*Exercise*.
Your reply should reproduce the data below without a single alteration, apart from dropping the images.

*Material provided*.
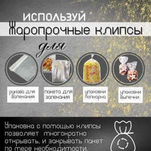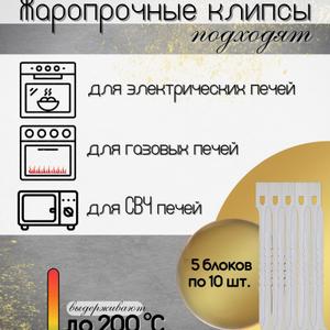 Жаропрочные клипсы бухта по 1000 блоков по 10 шт. Клипсы из термостойкой пленки для пакетов и рукава для запекания. Клипса может использоваться в электрических, газовых духовках и микроволновых печах при температуре до 200 С
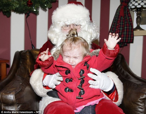 據外電11日報道,一趟能看到圣誕老人的旅行應該是孩子們在圣誕節里最大的樂趣之一了。但是,當真正面對著一個巨大的、不熟悉的身影(有時還黏貼著可疑的塑料胡須)時,這些小孩了們顯然還是受到了驚嚇,甚至試圖逃跑。
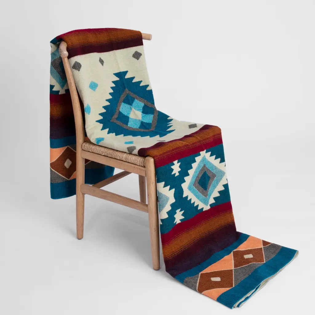 Plaid/throw Native Turquoise Alpaca Wool - Blue

*Task output*.
 Жаропрочные клипсы бухта по 1000 блоков по 10 шт. Клипсы из термостойкой пленки для пакетов и рукава для запекания. Клипса может использоваться в электрических, газовых духовках и микроволновых печах при температуре до 200 С
 據外電11日報道,一趟能看到圣誕老人的旅行應該是孩子們在圣誕節里最大的樂趣之一了。但是,當真正面對著一個巨大的、不熟悉的身影(有時還黏貼著可疑的塑料胡須)時,這些小孩了們顯然還是受到了驚嚇,甚至試圖逃跑。
 Plaid/throw Native Turquoise Alpaca Wool - Blue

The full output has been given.